Abolition of Intellect - Thoughts on The Abolotion of Man by C.S. Lewis


“The operation of [modern scholarship] and its kind is to produce what may be called Men without Chests. It is an outrage that they should be commonly spoken of as Intellectuals. This gives them the chance to say that he who attacks them attacks Intelligence. It is not so. They are not distinguished from other men by any unusual skill in finding truth nor any virginal ardor to pursue her…It is not excess of thought but defect of fertile and generous emotion that marks them out. Their heads are no bigger than the ordinary: it is the atrophy of the chest beneath that makes them seem so.”

C.S. Lewis makes clear in The Abolition of Man that the abolition of man is the abolition of the heart–an abandonment for how humans connect with one another for a sole focus on the so-called “intellect.” However, true intellectuals seek what is true; they seek to make the world better through their scholarly pursuits and bring her closer to that truth. The goal is to make the human experience and the human condition more fruitful and prosperous. One’s metrics for that fruitfulness and prosperity may differ, but it appears from both philosophy and biology that fostering the soul through human connection and a seeking of a deeper purpose is essential.

In her study on the effects of human connection, Dr.
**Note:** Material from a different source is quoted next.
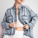 Experience a modern twist on the timeless chambray denim jacket. This lightweight fabric is incredibly soft and showcases spacious front pockets, wooden buttons, a stylish dolman cut, and a back slit that adds a touch of sophistication to this piece. Whether paired with a tank or a graphic tee in the warmer months, styled as a top, or layered over your go-to long sleeve shirt in the colder seasons, this jacket will elevate any outfit.

Emma Seppala of the Stanford Center for Compassion and Altruism Research found that “social connectedness generates a positive feedback loop of social, emotional, and physical well-being.” Seppala also found that people who feel more connected show lower levels of anxious and depressive feelings, greater empathy for others, and also tend to be more cooperative and trusting.
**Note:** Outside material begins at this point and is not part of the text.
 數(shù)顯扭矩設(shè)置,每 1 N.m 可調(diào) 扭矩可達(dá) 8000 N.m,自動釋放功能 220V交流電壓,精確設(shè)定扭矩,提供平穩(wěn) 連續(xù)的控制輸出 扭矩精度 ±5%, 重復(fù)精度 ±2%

Similarly, a lack of social connection can have detrimental effects. In a study of over 7,000 men and women in California, Dr. Lisa Berkman found that “people who were disconnected from others were roughly three times more likely to die during the nine-year study than people with strong social ties.” These studies show the importance of human connection beyond the intellect; it is the “chest” that allows us to ascend from instinctive or animalistic ways of pure survival to a fuller human experience with one another.

We live and die by our connection to others. To declare this soul-building as unnecessary or unmeasurable is insufficient and remiss. Humanity must focus on building products, organizations, and experiences that foster greater human connection among each other; without this, we are sure to witness the abolition of true intellect and the abolition of man.